TASK DETAILS:
When the line containing "Whimsical Elf and" appears in the entries below, begin printing there and stop after the line containing "LOS ANGELES –"; print each of those lines exactly and no other line.

SUPPLIED DATA:
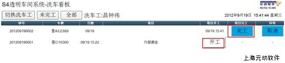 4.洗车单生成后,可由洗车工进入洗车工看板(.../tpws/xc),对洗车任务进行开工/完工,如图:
==
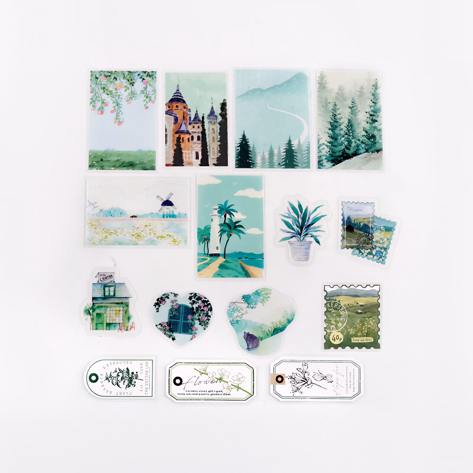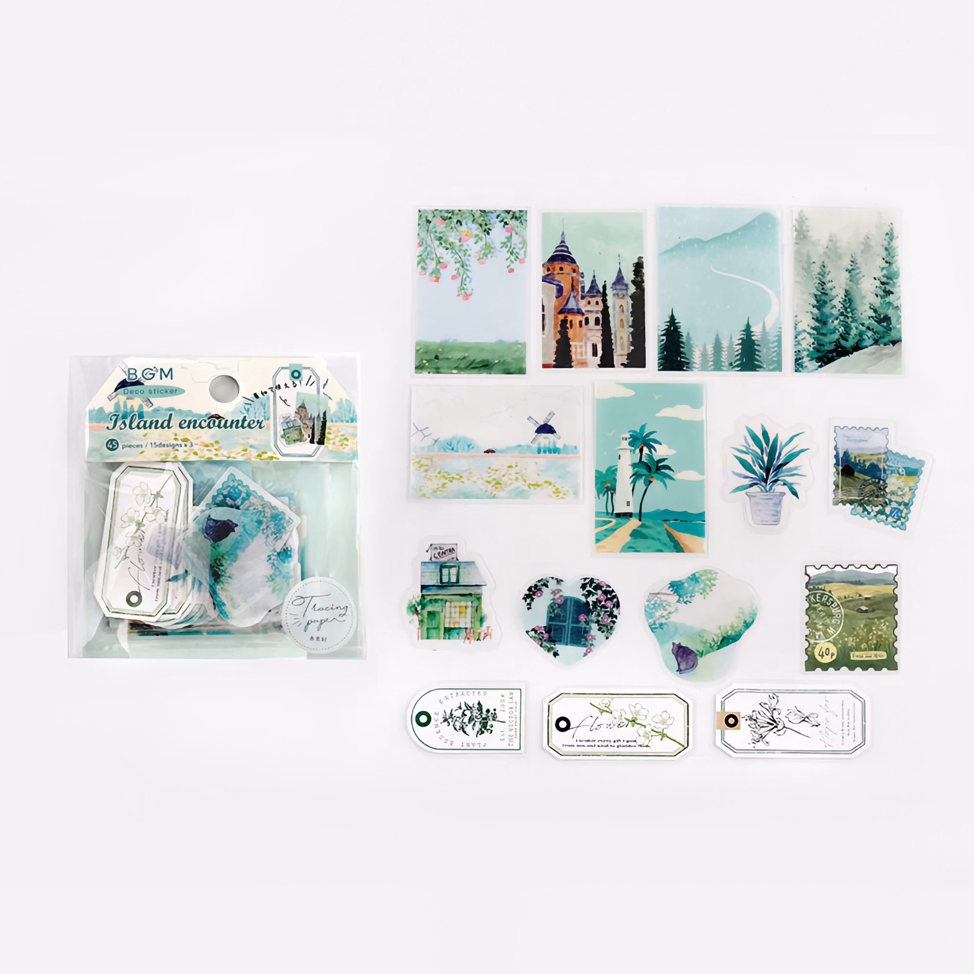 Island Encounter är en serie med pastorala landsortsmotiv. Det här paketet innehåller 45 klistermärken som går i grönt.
---
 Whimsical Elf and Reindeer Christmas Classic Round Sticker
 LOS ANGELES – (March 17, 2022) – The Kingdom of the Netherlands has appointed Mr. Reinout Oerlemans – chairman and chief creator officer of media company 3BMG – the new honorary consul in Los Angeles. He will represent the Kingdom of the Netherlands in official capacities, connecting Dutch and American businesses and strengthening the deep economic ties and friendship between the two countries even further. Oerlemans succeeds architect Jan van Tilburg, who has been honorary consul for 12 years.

RESULT OF THIS EXERCISE:
 Whimsical Elf and Reindeer Christmas Classic Round Sticker
 LOS ANGELES – (March 17, 2022) – The Kingdom of the Netherlands has appointed Mr. Reinout Oerlemans – chairman and chief creator officer of media company 3BMG – the new honorary consul in Los Angeles. He will represent the Kingdom of the Netherlands in official capacities, connecting Dutch and American businesses and strengthening the deep economic ties and friendship between the two countries even further. Oerlemans succeeds architect Jan van Tilburg, who has been honorary consul for 12 years.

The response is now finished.